Robots Make Physics Come Alive

Ninth-grade students are gaining an out-of-this-world experience in Steven Cavendar-Wood’s Physics class. Meet Sphero, a ball-like robot bringing to life concepts like motion, force and velocity that students will use to explore a faux extraterrestrial terrain.
The 14 Spheros — think Star Wars’ BB-8, but smaller — are the centerpiece of Cavendar-Wood’s mechanics unit. “We wanted to ramp up the physics curriculum and make it more engaging and accessible to all sorts of learners,” says Cavendar-Wood.  “The students are excited about the robots, and, by extension, they’re getting excited about physics—delving in at a whole new level.”
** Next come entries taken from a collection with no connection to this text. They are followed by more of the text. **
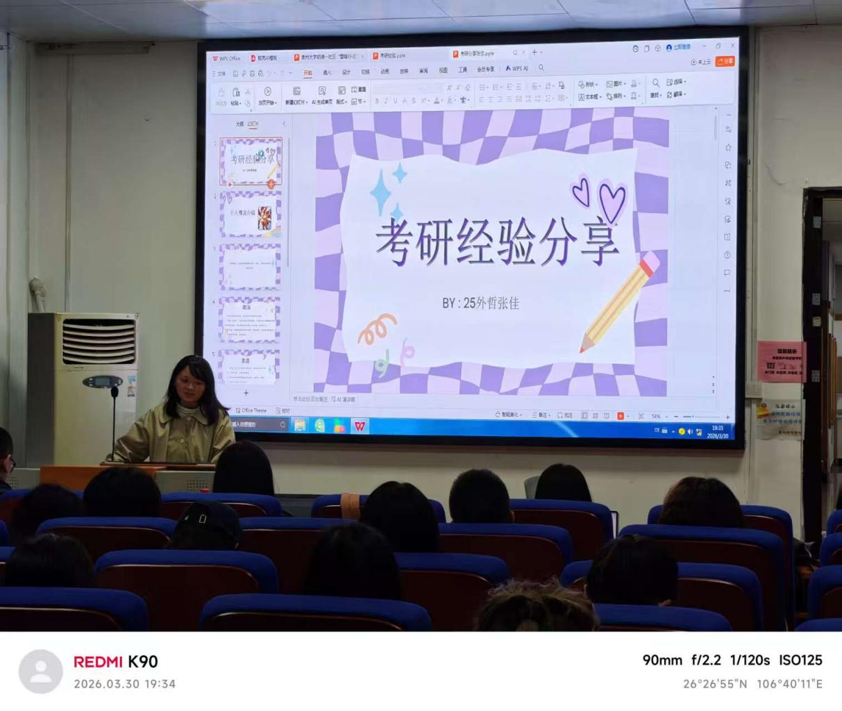 2026330日,明德中心一社区哲学学院第功能型党支部联合一、三功能型党支部,协同哲学学院24012402班委在东校区人文楼308圆满举办贵州大学明德中心一社区“雷锋行·志愿红”党建主题活动暨“薪火相传”哲学专业2024级第五场经验分享会。本次活动由明德中心一社区哲学学院第功能型党支部书记汤伟、功能型党支部书记吴敏共同策划组织2024全体同学到场参学习,四位研一党员同学分享考研升学的相关经验,部分二、三功能型党支部研究生党员参会。
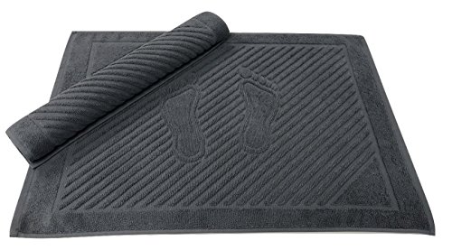 IDEAL SIZE - Set includes 2 cotton bath mats measuring 20 x 28 inches each. Towel-like bath mat offers added safety and a warm, dry place to stand when stepping out of the shower.
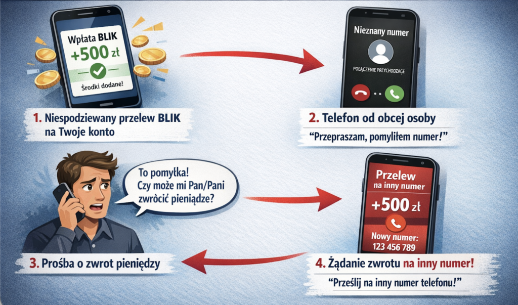 Nowy przekręt z BLIK w Polsce. Niespodziewany przelew i prośba o zwrot mogą zrobić z Ciebie nieświadomego pomocnika oszustów. Sprawdź, jak się chronić.

The mechanics unit revolves around a role-play: small groups of students act as NASA engineering teams and the mini robots are rovers—the automated vehicles that explore Mars’ surface. Students program the robots to go from point A to point B on a simulation of Mars’ surface —a bed sheet painted in Martian colors that’s littered with rocks. Each group uses calculations of distance and velocity to pre-program a route. They will then execute this program from a distance and watch Sphero navigate the terrain.
In addition to learning programming skills, students are grappling with the most important concepts in mechanics in a hands-on and highly immersive way.